Naar boven ↑

Rechtspraak

Werknemer/werkgeefster
Rechtbank Midden-Nederland (Locatie Amersfoort), 8 januari 2020
ECLI:NL:RBMNE:2020:375
Het beroep door werkgeefster op de ontbindende voorwaarde omdat werknemer (1) zijn taxipas niet heeft behaald en (2) stelselmatig geen contante omzet heeft afgedragen kan niet slagen.

Feiten

Werknemer is op 20 maart 2019 in dienst getreden bij werkgeefster voor bepaalde tijd tot 1 november 2019. In de arbeidsovereenkomst zijn ontbindende voorwaarden opgenomen. Op 1 juli 2019 heeft er een gesprek plaatsgevonden, dat ging over het aantal door werknemer gewerkte uren en het bijbehorende loon dat werkgeefster nog verschuldigd was.
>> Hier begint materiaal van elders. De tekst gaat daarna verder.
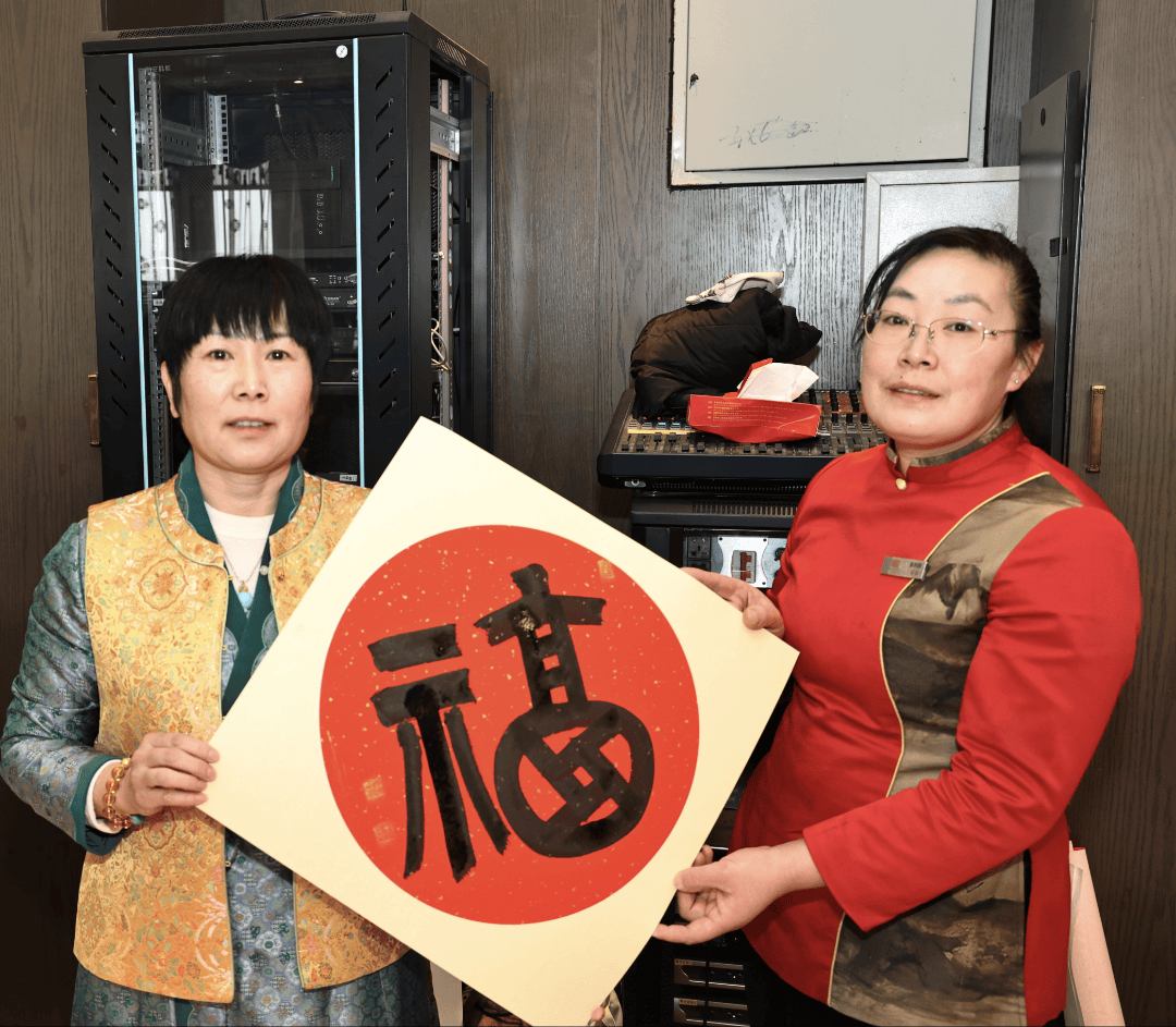 现场墨香浓 妙笔丹青寄深情 上午8时30分,琼花岛酒店2号楼一层大厅已热闹非凡,受邀书画家与参会嘉宾陆续签到,笔墨纸砚等创作工具整齐摆放,空气中弥漫着淡淡的墨香与新春的喜悦。

Werknemer heeft zich na dat gesprek ziek gemeld en heeft sindsdien geen werk meer verricht. Bij brief d.d. 18 juli 2019 heeft werkgeefster een beroep gedaan op de ontbindende voorwaarden in de arbeidsovereenkomst, met als reden dat werknemer (1) zijn taxipas niet heeft behaald en (2) stelselmatig geen contante omzet heeft afgedragen. Werknemer verzoekt (onder meer) om het ontslag te vernietigen en betaling van (achterstallig) loon. 

Oordeel

Allereerst moet beoordeeld worden of het bij brief van 18 juli 2019 gegeven ontslag door middel van het inroepen van de ontbindende voorwaarden in de arbeidsovereenkomst, rechtsgeldig is. De kantonrechter oordeelt – veronderstellenderwijs dat de ontbindende voorwaarden rechtsgeldig zijn overeengekomen – dat het beroep van werkgeefster op die voorwaarden niet kan slagen. Werknemer is namelijk nooit eerder aangesproken op het niet wekelijks afdragen van contante gelden en het was gebruikelijk dat werknemer de contante bedragen die hij van klanten ontving op zijn urenbriefjes noteerde, waarna deze bedragen in mindering werden gebracht op zijn loon. Ten aanzien van de taxipas constateert de kantonrechter dat de termijn van vier maanden niet in de arbeidsovereenkomst is vermeld. Vast staat bovendien dat werkgeefster niet aan werknemer heeft verteld op welke wijze de taxipas moet worden aangevraagd en hoe de procedure in zijn werk gaat. Van werkgeefster had mogen worden verwacht dat zij ruim vóór het verstrijken van de termijn werknemer erop had gewezen, mede gezien de grote gevolgen voor werknemer. De conclusie is dat de arbeidsovereenkomst niet is geëindigd. Werknemer heeft recht op loondoorbetaling tijdens ziekte. Dat de ziekmelding niet is gedaan volgens het geldende verzuimprotocol maakt dat niet anders.

Loonvordering

Vast staat dat werknemer veel meer uren heeft gewerkt dan de 20 uur per week waarvoor hij is aangenomen: hij heeft zelfs meer gewerkt dan bij een voltijds dienstverband. Voor die uren moet werknemer worden verloond en de vordering van werknemer ter zake van te weinig gerekende uren is toewijsbaar. Na de ziekmelding is werkgeefster 70% van het loon verschuldigd van het gemiddelde aantal uren in de periode april tot en met juni. Verder is niet komen vast te staan dat werkneemster een contante betaling heeft gedaan als voorschot op het loon en dient een aantal contante bedragen dat werknemer heeft ontvangen van klanten in mindering te worden gebracht op het nettoloon. Tot slot mogen de verkeersboetes worden verrekend. De tegenverzoeken van werkgeefster worden afgewezen.